Aim of the exercise. Please restate every record below word for word and skip the pictures.

--------------------------------------------------

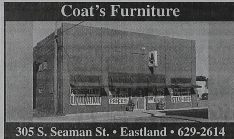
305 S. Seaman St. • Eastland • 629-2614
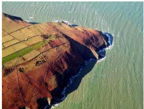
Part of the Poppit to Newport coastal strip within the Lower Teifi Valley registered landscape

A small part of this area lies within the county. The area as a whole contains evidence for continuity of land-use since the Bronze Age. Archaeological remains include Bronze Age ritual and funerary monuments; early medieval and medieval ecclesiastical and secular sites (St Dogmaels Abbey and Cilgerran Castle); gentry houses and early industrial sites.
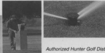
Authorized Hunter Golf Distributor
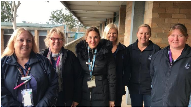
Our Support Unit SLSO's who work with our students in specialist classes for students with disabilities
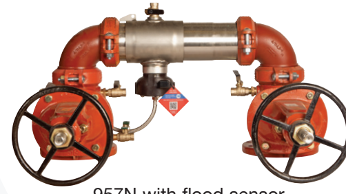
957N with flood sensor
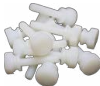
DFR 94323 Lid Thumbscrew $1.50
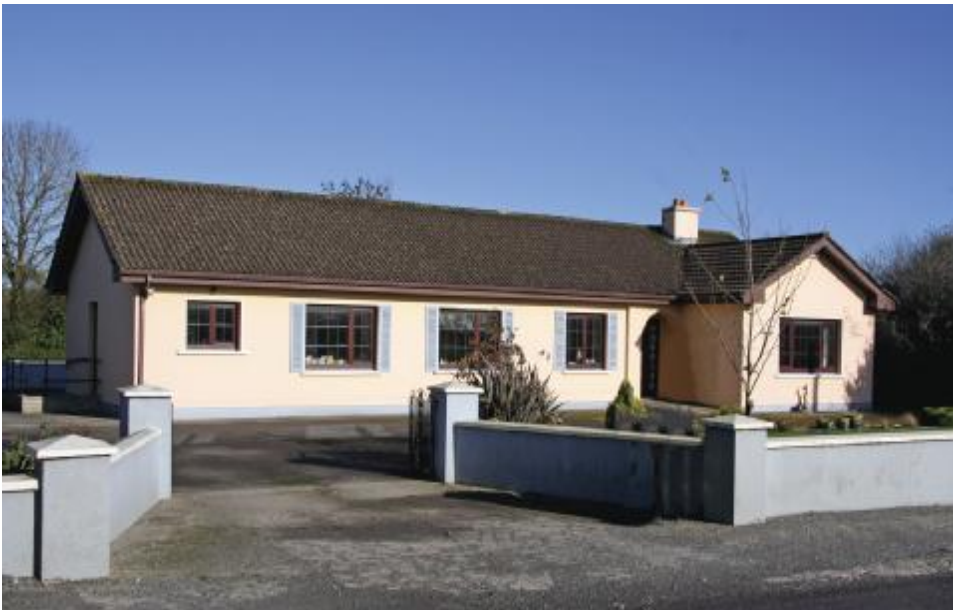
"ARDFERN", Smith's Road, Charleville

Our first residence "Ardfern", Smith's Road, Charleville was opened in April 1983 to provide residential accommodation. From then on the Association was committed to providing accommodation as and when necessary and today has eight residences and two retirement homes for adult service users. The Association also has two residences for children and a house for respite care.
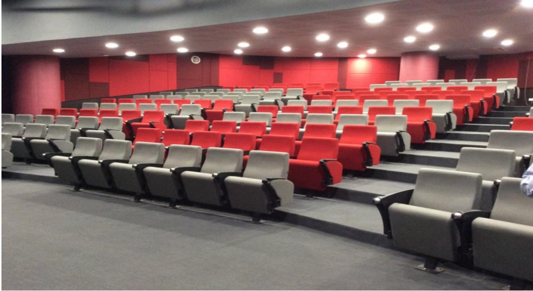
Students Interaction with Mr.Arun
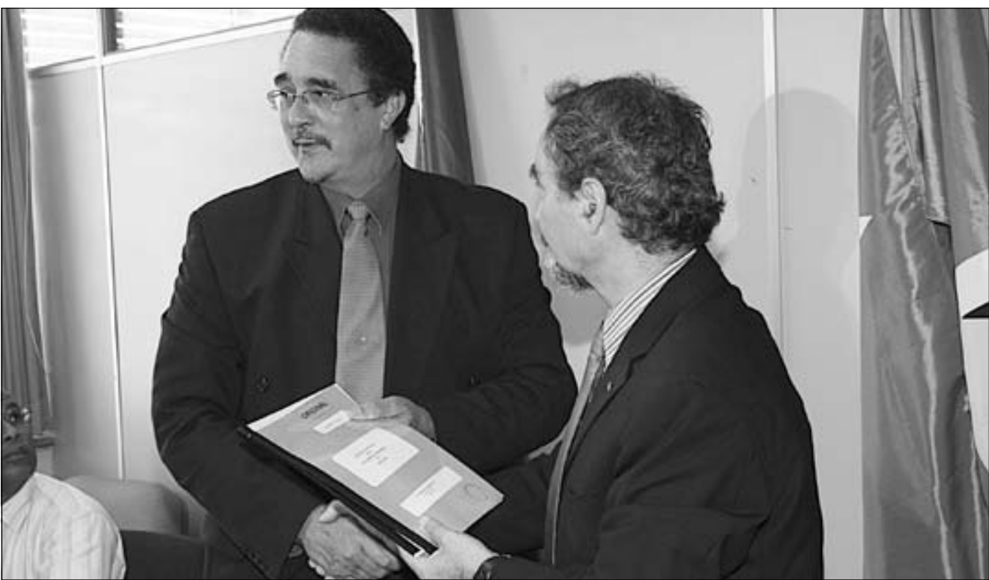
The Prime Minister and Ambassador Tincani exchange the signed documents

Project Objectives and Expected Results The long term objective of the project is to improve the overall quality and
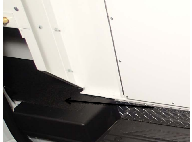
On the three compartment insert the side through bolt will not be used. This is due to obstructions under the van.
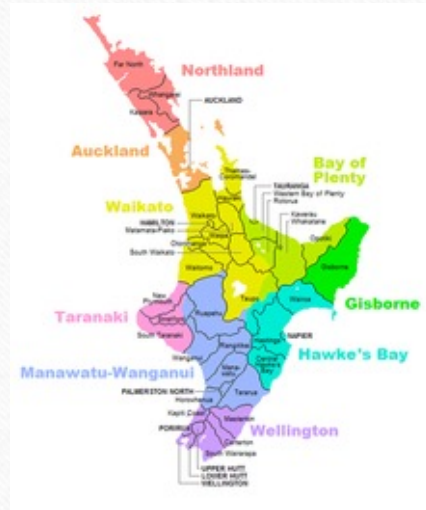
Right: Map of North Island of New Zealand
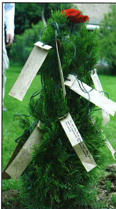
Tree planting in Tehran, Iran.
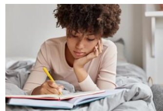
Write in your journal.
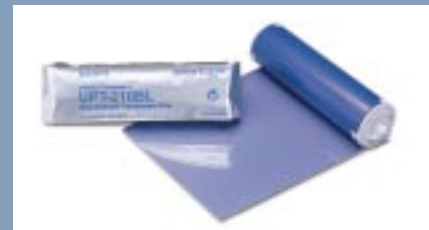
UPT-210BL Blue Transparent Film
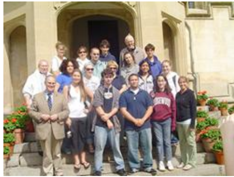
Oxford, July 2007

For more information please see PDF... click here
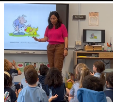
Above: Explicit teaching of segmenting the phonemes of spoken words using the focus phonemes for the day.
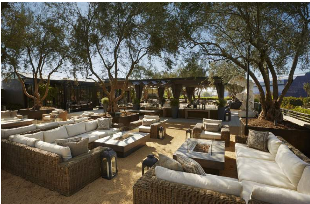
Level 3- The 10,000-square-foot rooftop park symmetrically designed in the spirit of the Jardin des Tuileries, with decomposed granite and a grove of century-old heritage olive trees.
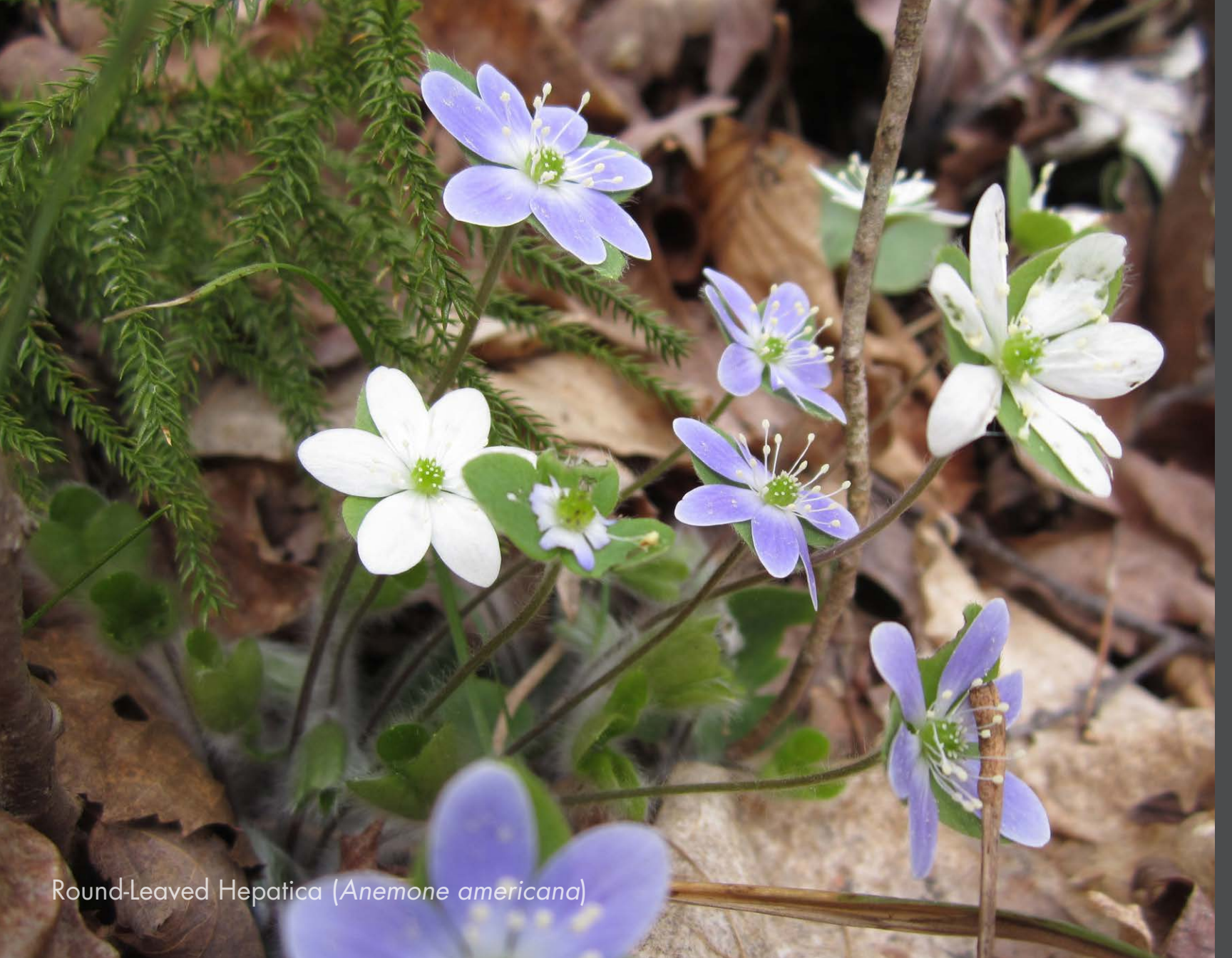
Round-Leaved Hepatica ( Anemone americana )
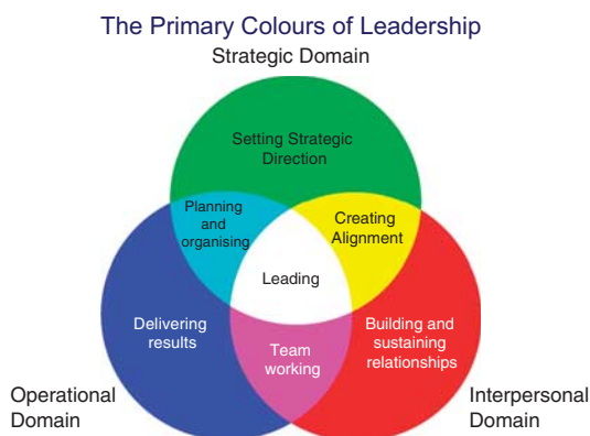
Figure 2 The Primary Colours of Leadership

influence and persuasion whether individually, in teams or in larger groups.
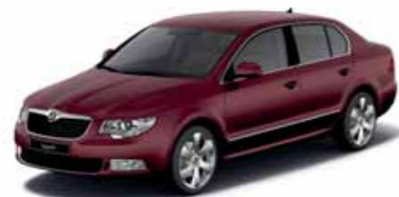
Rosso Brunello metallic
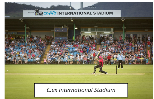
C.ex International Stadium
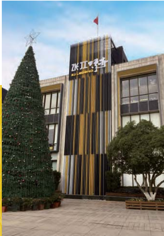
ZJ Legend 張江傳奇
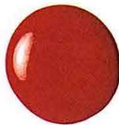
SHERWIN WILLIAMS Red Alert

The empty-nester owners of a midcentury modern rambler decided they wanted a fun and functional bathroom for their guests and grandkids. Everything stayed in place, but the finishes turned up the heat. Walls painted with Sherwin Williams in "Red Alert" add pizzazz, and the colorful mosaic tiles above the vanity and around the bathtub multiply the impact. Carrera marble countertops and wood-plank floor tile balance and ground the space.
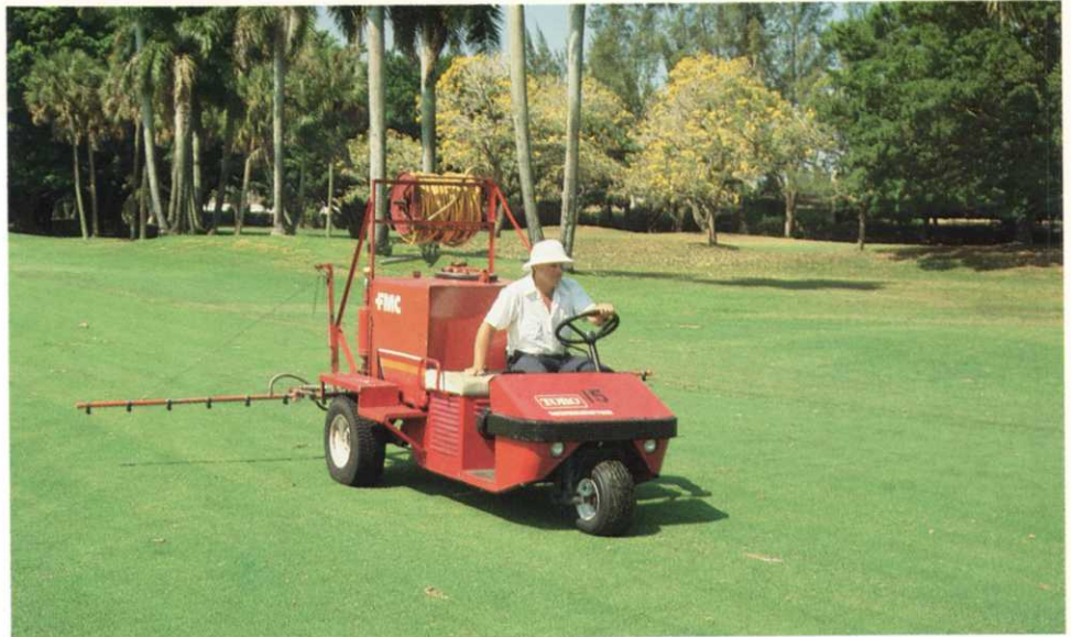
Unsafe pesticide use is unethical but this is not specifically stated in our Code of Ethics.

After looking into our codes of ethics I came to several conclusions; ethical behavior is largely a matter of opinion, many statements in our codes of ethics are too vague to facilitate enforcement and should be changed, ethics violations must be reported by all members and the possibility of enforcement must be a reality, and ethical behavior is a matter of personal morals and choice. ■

--------------------------------------------------

Problem solution.
305 S. Seaman St. • Eastland • 629-2614
Part of the Poppit to Newport coastal strip within the Lower Teifi Valley registered landscape

A small part of this area lies within the county. The area as a whole contains evidence for continuity of land-use since the Bronze Age. Archaeological remains include Bronze Age ritual and funerary monuments; early medieval and medieval ecclesiastical and secular sites (St Dogmaels Abbey and Cilgerran Castle); gentry houses and early industrial sites.
Authorized Hunter Golf Distributor
Our Support Unit SLSO's who work with our students in specialist classes for students with disabilities
957N with flood sensor
DFR 94323 Lid Thumbscrew $1.50
"ARDFERN", Smith's Road, Charleville

Our first residence "Ardfern", Smith's Road, Charleville was opened in April 1983 to provide residential accommodation. From then on the Association was committed to providing accommodation as and when necessary and today has eight residences and two retirement homes for adult service users. The Association also has two residences for children and a house for respite care.
Students Interaction with Mr.Arun
The Prime Minister and Ambassador Tincani exchange the signed documents

Project Objectives and Expected Results The long term objective of the project is to improve the overall quality and
On the three compartment insert the side through bolt will not be used. This is due to obstructions under the van.
Right: Map of North Island of New Zealand
Tree planting in Tehran, Iran.
Write in your journal.
UPT-210BL Blue Transparent Film
Oxford, July 2007

For more information please see PDF... click here
Above: Explicit teaching of segmenting the phonemes of spoken words using the focus phonemes for the day.
Level 3- The 10,000-square-foot rooftop park symmetrically designed in the spirit of the Jardin des Tuileries, with decomposed granite and a grove of century-old heritage olive trees.
Round-Leaved Hepatica ( Anemone americana )
Figure 2 The Primary Colours of Leadership

influence and persuasion whether individually, in teams or in larger groups.
Rosso Brunello metallic
C.ex International Stadium
ZJ Legend 張江傳奇
SHERWIN WILLIAMS Red Alert

The empty-nester owners of a midcentury modern rambler decided they wanted a fun and functional bathroom for their guests and grandkids. Everything stayed in place, but the finishes turned up the heat. Walls painted with Sherwin Williams in "Red Alert" add pizzazz, and the colorful mosaic tiles above the vanity and around the bathtub multiply the impact. Carrera marble countertops and wood-plank floor tile balance and ground the space.
Unsafe pesticide use is unethical but this is not specifically stated in our Code of Ethics.

After looking into our codes of ethics I came to several conclusions; ethical behavior is largely a matter of opinion, many statements in our codes of ethics are too vague to facilitate enforcement and should be changed, ethics violations must be reported by all members and the possibility of enforcement must be a reality, and ethical behavior is a matter of personal morals and choice. ■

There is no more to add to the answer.